Slowness in Platform

Incident Report for Pipefy

Postmortem

Root Cause

We experienced a performance degradation on our platform due to the inability to scale the environment effectively. The root cause was a shortage of machines to meet the increasing resource demand. This issue stemmed from a capacity shortage with our cloud provider, OCI, which is currently facing high demand for this specific type of machine. Unfortunately, this directly impacted our services.

Resolution

The issue was resolved by manually scaling the environment, which involved adding a different type of machine to the cluster to improve performance.

Action Plan

To prevent similar issues in the future, we have implemented the following measures: Created additional fallback node pools to enhance resource availability and improve scalability. Configured a dedicated alert for resource scarcity to enable faster detection and proactive response. Submitted a request for a medium CPU usage reservation to our cloud provider. Filed a formal complaint with our Cloud representatives, urging them to address the capacity limitations impacting our services.
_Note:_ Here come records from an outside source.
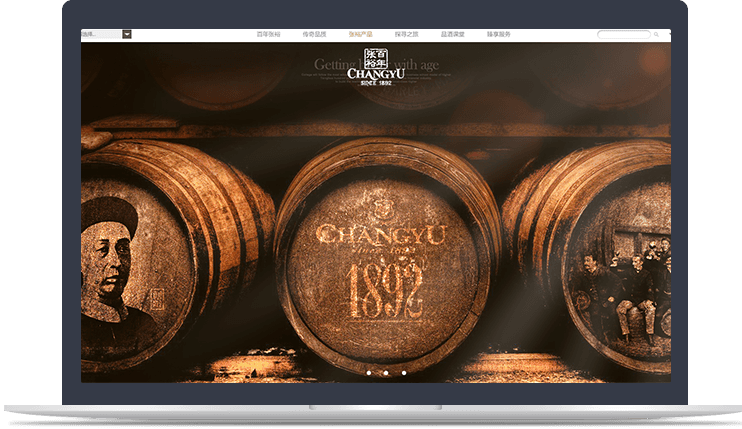 网站设计将传统工艺感与现代科技感有机融合,氤氲着葡萄酒文化以及百年中国古典韵 味,彰显百年张裕的独特品质感。
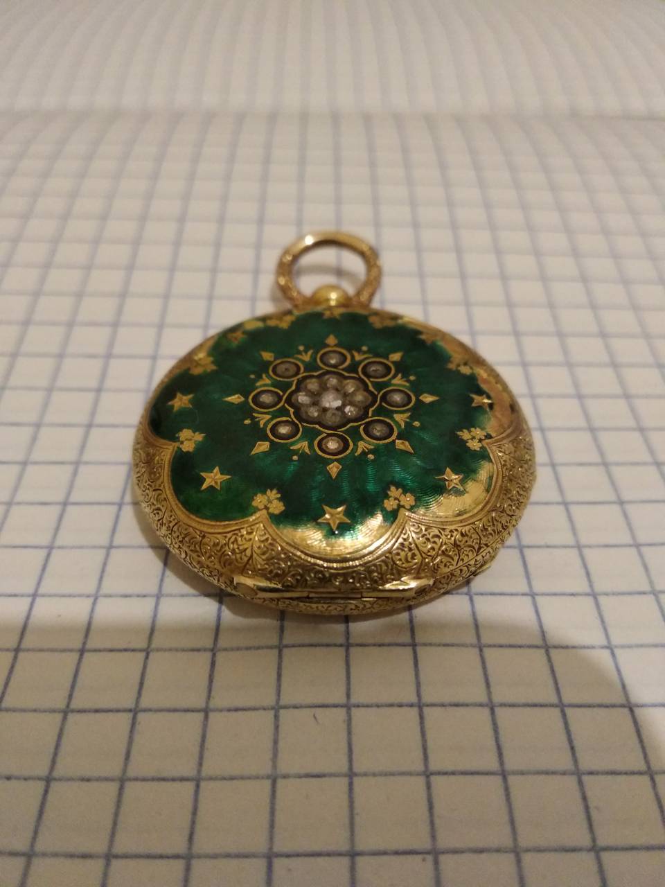 Блин, детский сад. Сделайте нормальные фото механизма и всех (трёх) крышек изнутри. Не надо доставать механизм, если ни разу не пробовали, одно неловкое движение - и нет часов. По мне - механизм неродной, т. к. вижу цилиндровый ход, фото говно, могу и ошибаться. Эмаль на позолоту не положишь, так что склоняюсь к благородному металлу.Т.к. есть эмаль, даже по плотности не определить удельный вес металла, в случае 585 д. б. около 13,5 гр\см. куб. И эмалированные крышки снимите крупно без бликов. Часики красивые, конец 19 - нач. 20 вв, Швейцария, клеймо производителя может быть под одним из мостиков. Найдите проверенного часовщика и Бог в помощь.
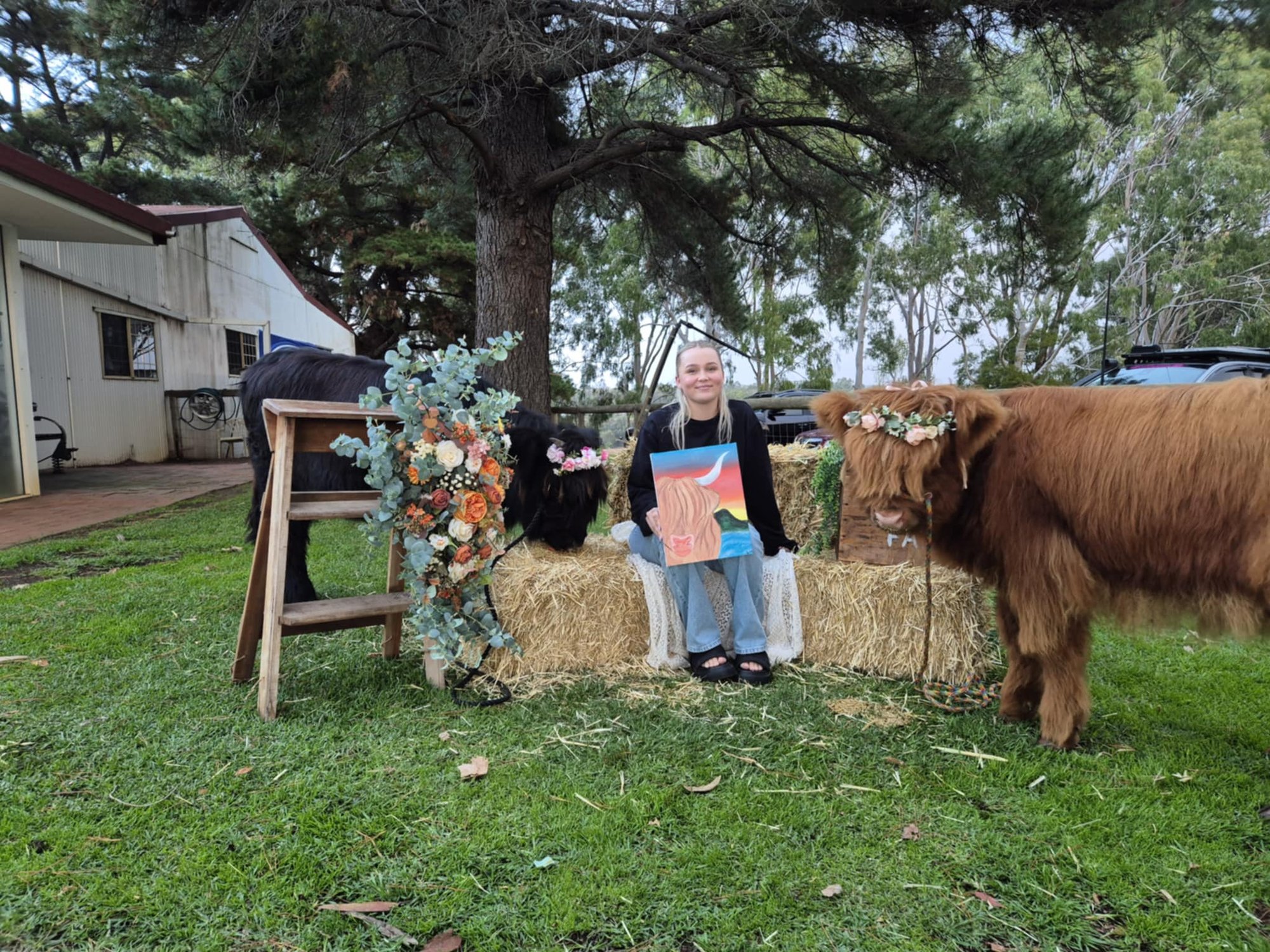 Pack your favourite bottle of vino, grab a few friends and head to Bailup Farm for an afternoon you will never forget. Set amongst our white gums and vineyard this tranquil setting is the perfect backdrop for you to let your imagination run wild while you create your master piece. Get up close and personal with our Highland Cows the very subject you will be painting.
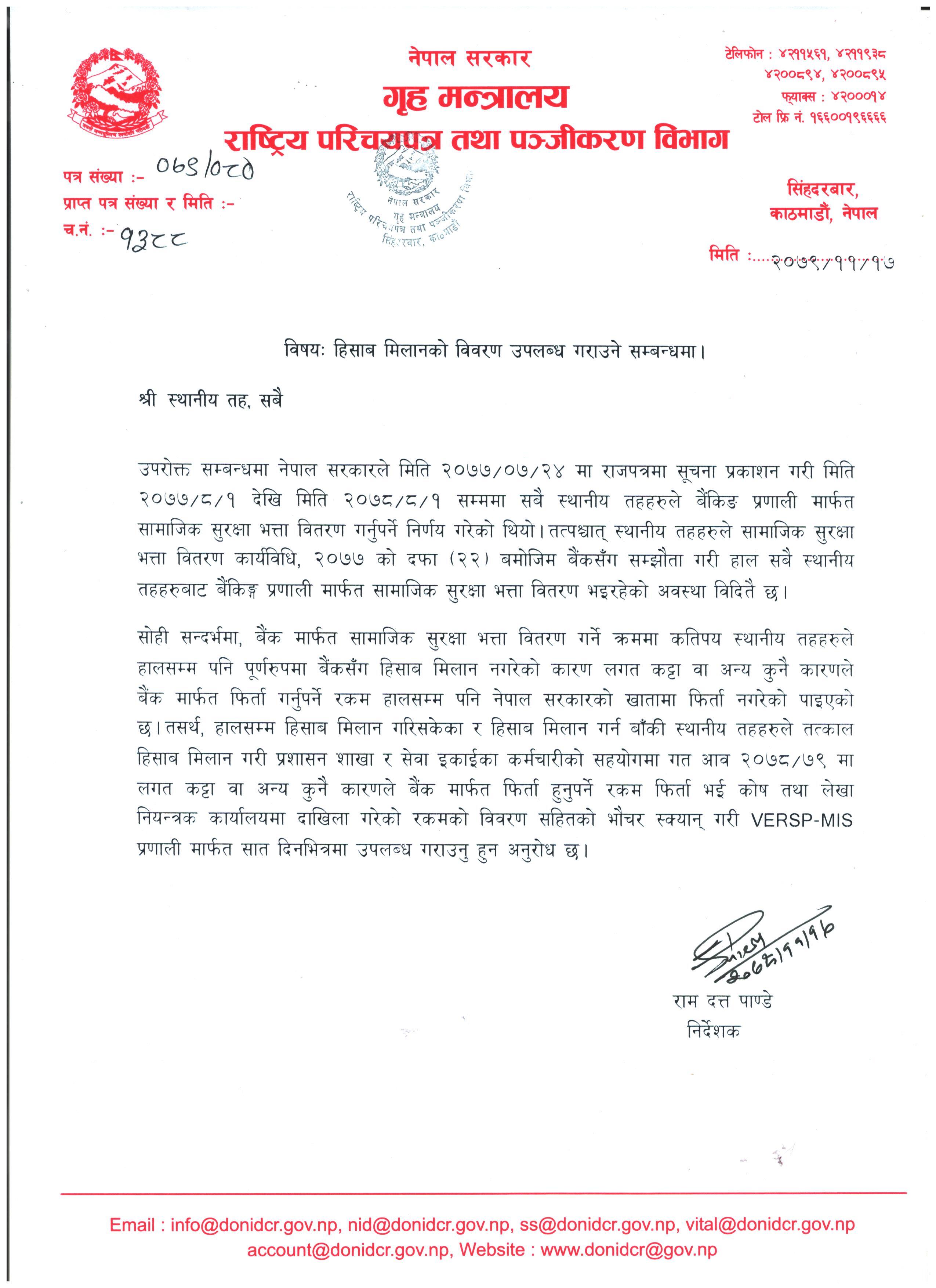 हिसाब मिलानको विवरण उपलब्ध गराउने सम्बन्धमा । |
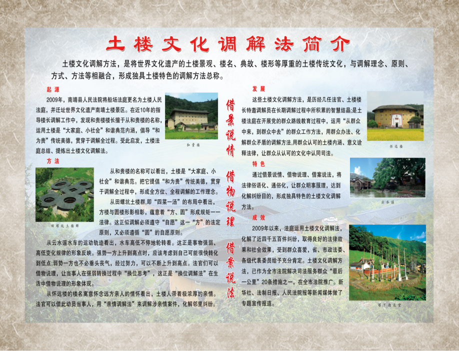 为弘扬新时代“枫桥经验”,土楼法庭深入挖掘,将著名的土楼景观、楼名、内涵与典故等厚重的土楼传统文化,与办案理念、法律适用、调解原则、工作方式方法等司法元素相融合,创立了独特的借景说情、借物说理、借案说法的“土楼文化调解法”,形成了独具特色的土楼法庭文化。
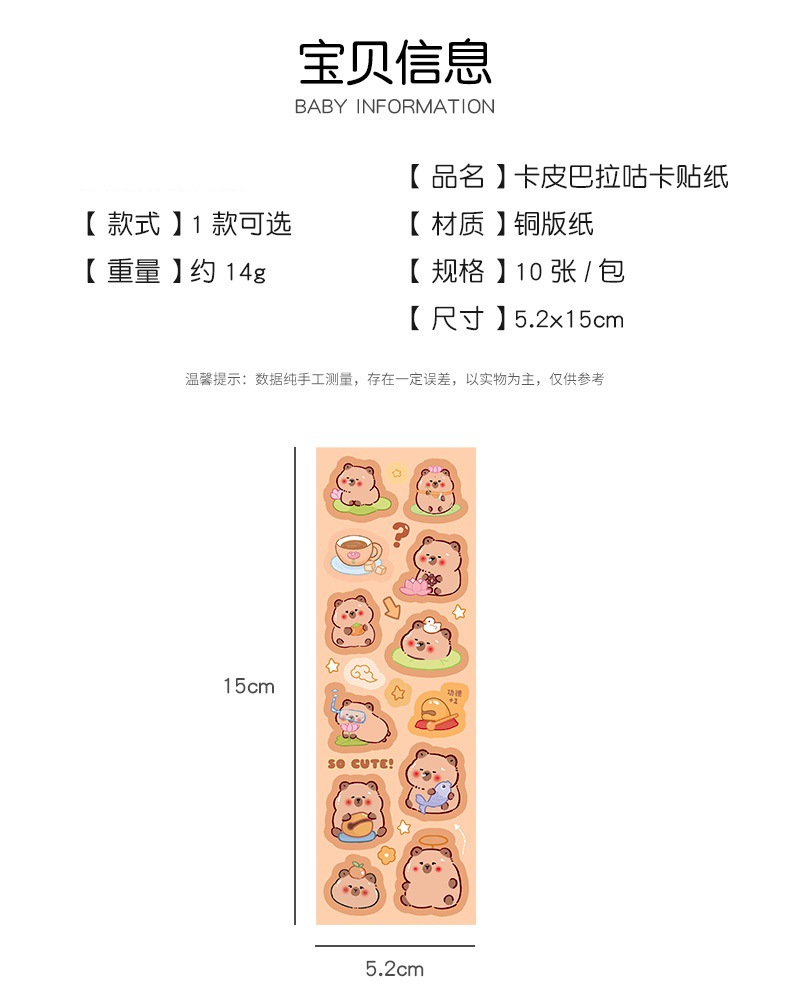 카피 발라 구 카드 스티커 어린이 DIY 스티커 애완 동물 방수 컵 스티커 귀여운 카피 바라 손 계정 스티커 도매
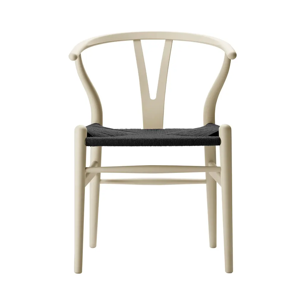 The essence of Danish Modern, Wishbone Chair was Hans J. Wegner's very first design for Carl Hansen & Søn, in continuous production since it debuted in 1950. With its iconic steam-bent profile, Wegner developed the characteristic Y-shaped back that assures its fabled comfort and elegant form. More than 100 steps are needed in making each chair — the hand-woven seat alone takes a skilled craftsman about an hour with 120 meters of paper cord — assuring its impressive durability and enduring style.
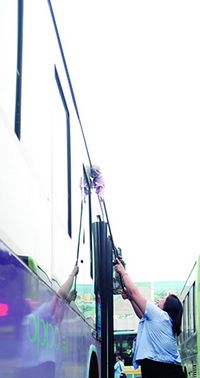提升運(yùn)營服務(wù)水平,傳遞文明城市正能量。開展全員素質(zhì)提升行動(dòng)。組織全公司干部職工參加以“忠誠、敬業(yè)、實(shí)干、奉獻(xiàn)、感恩”為主題的職業(yè)素質(zhì)培訓(xùn),累計(jì)授課11場(chǎng)次,近5000余名干部職工接受教育,為創(chuàng)城工作的落實(shí)打下堅(jiān)實(shí)的思想基礎(chǔ)。積極開展客流調(diào)查和乘客滿意度測(cè)評(píng)活動(dòng)。所屬7個(gè)運(yùn)營分公司組織管理人員深入500個(gè)公交站點(diǎn)、135條公交線路、90個(gè)居民區(qū),認(rèn)真聽取百姓對(duì)公交服務(wù)的意見建議,調(diào)查線路客流情況,制定了《公交車進(jìn)出站管理制度》,做到科學(xué)合理調(diào)整線路,安排車次,規(guī)范服務(wù),努力解決百姓反映突出的部分線路車輛間隔大、車輛越站甩客、進(jìn)站不靠邊等問題。開展“三聲服務(wù)”和找座位專項(xiàng)行動(dòng)。要求一線司乘嚴(yán)格執(zhí)行“上有迎聲、下有送聲、問有答聲”的服務(wù)標(biāo)準(zhǔn),做到積極主動(dòng)地為老弱病殘?jiān)屑氨『旱某丝驼易弧S行┸嚱M班子主動(dòng)為乘客備置了便民箱、方便袋、暈車藥、創(chuàng)可貼等便民設(shè)施,市民對(duì)公交服務(wù)的滿意度大大提升。開展車容車貌、場(chǎng)容場(chǎng)貌、站容站貌專項(xiàng)治理行動(dòng)。對(duì)2015部運(yùn)營車輛逐一進(jìn)行車況檢查、車容維護(hù)、衛(wèi)生清理,堅(jiān)持“一日一清潔,一趟一清掃,始發(fā)車內(nèi)無雜物”的標(biāo)準(zhǔn)。對(duì)場(chǎng)區(qū)衛(wèi)生和站牌站桿進(jìn)行了徹底清洗,添置分類垃圾箱137個(gè),在明顯位置張貼禁煙標(biāo)識(shí)。

We are fully committed to enhancing platform stability and will continue to closely monitor the situation to ensure optimal performance.

Posted Jul 01, 2025 - 19:03 UTC

Resolved

This incident has been resolved.
Posted Jun 25, 2025 - 16:23 UTC

Monitoring

A fix has been implemented and we are monitoring the results.
Posted Jun 25, 2025 - 14:07 UTC

Identified

The issue has been identified and a fix is being implemented.
Posted Jun 25, 2025 - 13:49 UTC

Investigating

We are currently investigating this issue.
Posted Jun 25, 2025 - 13:40 UTC
This incident affected: Application.